The reason ZFS striped arrays are called “Dynamic” is because… well, they are. Adding or replacing disks is simple and frighteningly quick – most times involving only a single command, and no reboots to make it take effect.

To create a dynamically striped array is as simple as:

root@Zues:/zdev# zpool create dynamic /zdev/flat_1a /zdev/flat_1b /zdev/flat_1c /zdev/flat_1d

Which gives us:

root@Zues:/zdev# zpool list dynamic
NAME SIZE USED AVAIL CAP HEALTH ALTROOT
dynamic 3.97G 79.5K 3.97G 0% ONLINE -
root@Zues:/zdev# df -h |grep dynamic
dynamic 4.0G 21K 4.0G 1% /dynamic

Four gigs of space. Not bad. Replacing our disks in the future happens like this:

root@Zues:/zdev# zpool replace dynamic /zdev/flat_1a /zdev/flat_2a
root@Zues:/zdev# zpool replace dynamic /zdev/flat_1b /zdev/flat_2b
root@Zues:/zdev# zpool replace dynamic /zdev/flat_1c /zdev/flat_2c
root@Zues:/zdev# zpool replace dynamic /zdev/flat_1d /zdev/flat_2d

root@Zues:/zdev# zpool list dynamic
NAME SIZE USED AVAIL CAP HEALTH ALTROOT
dynamic 3.97G 104K 3.97G 0% ONLINE -
root@Zues:/zdev# df -h |grep dynamic
dynamic 4.0G 21K 4.0G 1% /dynamic

So It’s as easy as pie to replace disks to increase the size of your array, and although I did them all at the same time, it’s quite simple to do them one at a time.

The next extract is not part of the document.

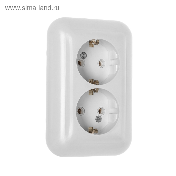 Розетка "Элект" РС 16-002, 16 А, 250 В, двухместная, скрытая, с з/к, белая

Let’s see how it performs:

MWSnap028

Pros:

  • Maximum storage
  • Maximum simplicity
  • Great performance
  • Replace any disk at any time to expand the array

Cons:

  • Zero Redundancy

Conclusion:
Best if you want something really simple, with lots of storage space and very little redundancy.

Scenario 2: Mirroring (RAID1)

Building a mirrored array is a little tricker to get your head around. The first way to do it is to add disks in pairs and let the system figure it out. My preferred way, however, is to create a standard ZFS array of two disks, then attach the other two disks as hot mirrors of the two first ones. I’ll have to call this array ‘reflect’ because the words mirror and mirroring are reserved by ZFS.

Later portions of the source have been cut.